Hundreds of megawatts of new large-scale battery storage in Australia will increase competition and put downward pressure on the costs of ancillary services to help balance the grid.
The frequency control ancillary services (FCAS) market is administered by the Australian Energy Market Operator (AEMO). It is open to a broad range of energy technologies and has increasingly become an opportunity for battery energy storage systems (BESS) to earn revenues by helping maintain the electricity network’s optimum operating frequency.
In May, quarterly figures released by AEMO highlighted that in Q1 2022, for the first time ever, BESS was the technology type providing the largest percentage of frequency regulation in the market. Across the eight different FCAS markets, batteries took a 31% share, 10% ahead of either black coal or hydroelectric, the next two biggest contributors.
According to new analysis by Cornwall Insight Australia, 736MW of new BESS is expected to be installed and connected to the National Electricity Market (NEM) by the end of 2023, which will lead to greater competition in the market and therefore lower prices.
This will likely be most felt in the Raise Regulation market, which is used to correct a minor drop in frequency, with Cornwall Insight Australia forecasting prices will drop to an average of AU$10/MW/hr (US$6.27/MW/hr) by the middle of this decade, from about AU$15/MW/hr today.
The role of battery storage in the market is predicted to continue growing dramatically, with about half of all FCAS services procured (between 40% and 55%) in the 2024 financial year to come from BESS.
Forecasting further out for the next couple of decades, by the early 2040s, between 70% and 90% of Raise Regulation and Lower Contingency – the latter accounting for three markets where assets must respond in a range between 6 seconds and 5 minutes to prevent a major rise in frequency following a contingency event – will be provided by BESS.
The trend is likely to be similar in the other markets as well, but Cornwall Insight’s expectation was that it would be most pronounced in those two ancillary services categories.
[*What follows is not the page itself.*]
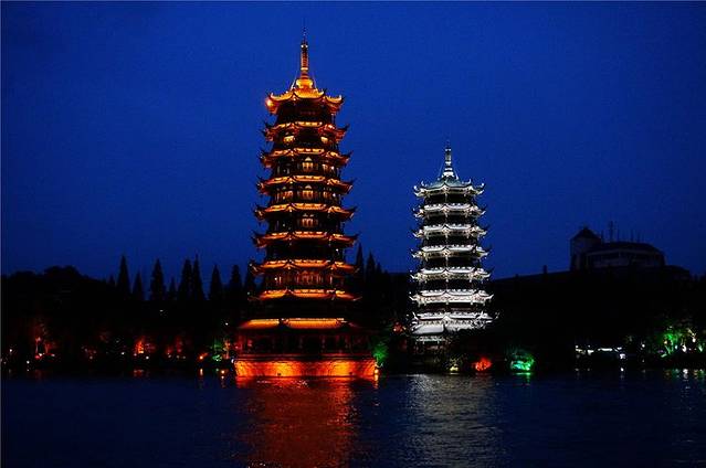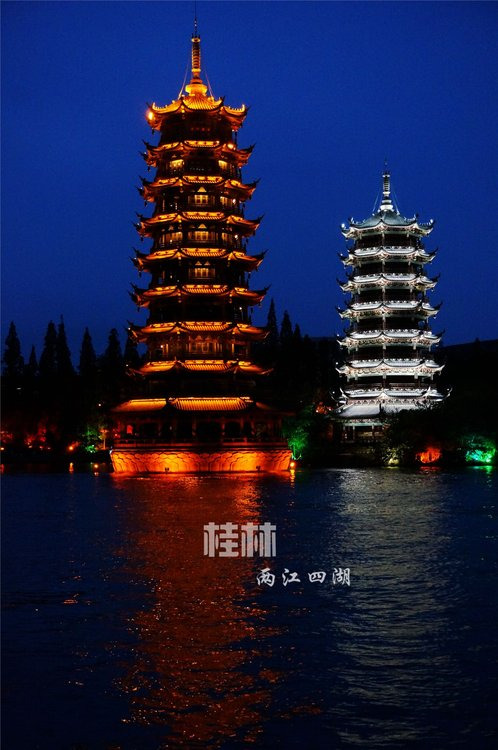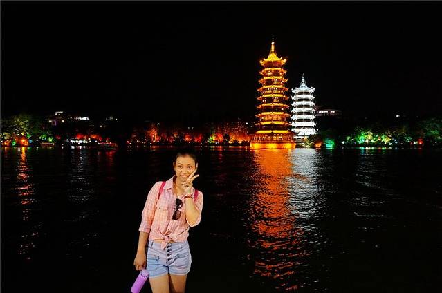 观看完饭店的大瀑布表演,我们在码头集合乘小船夜游两江四湖。一到码头就可以看见桂林的地标性建筑物——日月双塔。金黄色的那座叫日塔,铜质建造的,银色的那座叫月塔,琉璃建造,夜晚看两塔金银闪烁,璀璨万分。

Pledges and policy put market in line for at least 4,300MW of new BESS by 2030
The development of the overall market for battery storage in Australia is already accelerating, and over the next few years to 2030, state policy strategies such as the New South Wales Electricity Infrastructure Roadmap will lead to the addition of about 4,300MW of new grid storage, the consultancy group said.
This will in turn aid the continued lowering of prices and ultimately costs to the system and bill payers. If more ambitious policies are adopted – two examples being the state of Victoria’s proposed 6.3GW by 2035 energy storage deployment target and the government of Queensland’s Energy Storage Strategy being prepared for publication – there could be even greater changes in market dynamics.
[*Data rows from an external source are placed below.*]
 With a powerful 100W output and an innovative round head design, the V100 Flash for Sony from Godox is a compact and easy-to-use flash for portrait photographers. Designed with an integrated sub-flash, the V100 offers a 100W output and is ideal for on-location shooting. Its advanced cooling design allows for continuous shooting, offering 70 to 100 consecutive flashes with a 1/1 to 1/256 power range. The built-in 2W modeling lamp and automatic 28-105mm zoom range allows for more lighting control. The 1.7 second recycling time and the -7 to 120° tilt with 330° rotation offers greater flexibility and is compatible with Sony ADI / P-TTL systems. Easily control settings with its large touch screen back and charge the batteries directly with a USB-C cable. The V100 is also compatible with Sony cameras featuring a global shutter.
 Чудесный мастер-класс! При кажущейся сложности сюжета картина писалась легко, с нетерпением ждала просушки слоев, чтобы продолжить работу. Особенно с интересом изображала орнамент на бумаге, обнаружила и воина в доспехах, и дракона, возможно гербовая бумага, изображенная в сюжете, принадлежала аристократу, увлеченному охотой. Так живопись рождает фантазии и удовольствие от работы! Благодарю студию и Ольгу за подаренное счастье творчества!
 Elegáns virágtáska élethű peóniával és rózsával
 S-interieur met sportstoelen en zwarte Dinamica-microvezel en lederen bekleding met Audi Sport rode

Some, such as the national Clean Energy Council industry body and Victorian Energy Policy Centre at Victoria University have proposed the adoption of a nationwide energy storage target, along the lines of Renewable Energy Targets that have proven successful.
In an article published in our quarterly journal PV Tech Power earlier this year, Cornwall Insight Australia managing consultant Ben Cerini noted that not only are batteries good for the FCAS market, but the FCAS market is good for batteries too.
About 80% to 90% of grid-scale battery asset revenues in Australia typically come from FCAS, Cerini said, with only the remainder from energy trading.
Today, other technologies playing in the FCAS market along with batteries, black coal and hydro albeit to a much lesser extent are combined cycle gas turbines (CCGT), brown coal, demand side response, open cycle gas turbines (OCGT) and liquid fuel.
Batteries will continue eroding coal’s market position, but that competitive dynamic all but disappears as the 21st Century progresses, with coal power plants earmarked for retirement with hardly any expected to be in operation by the 2030s.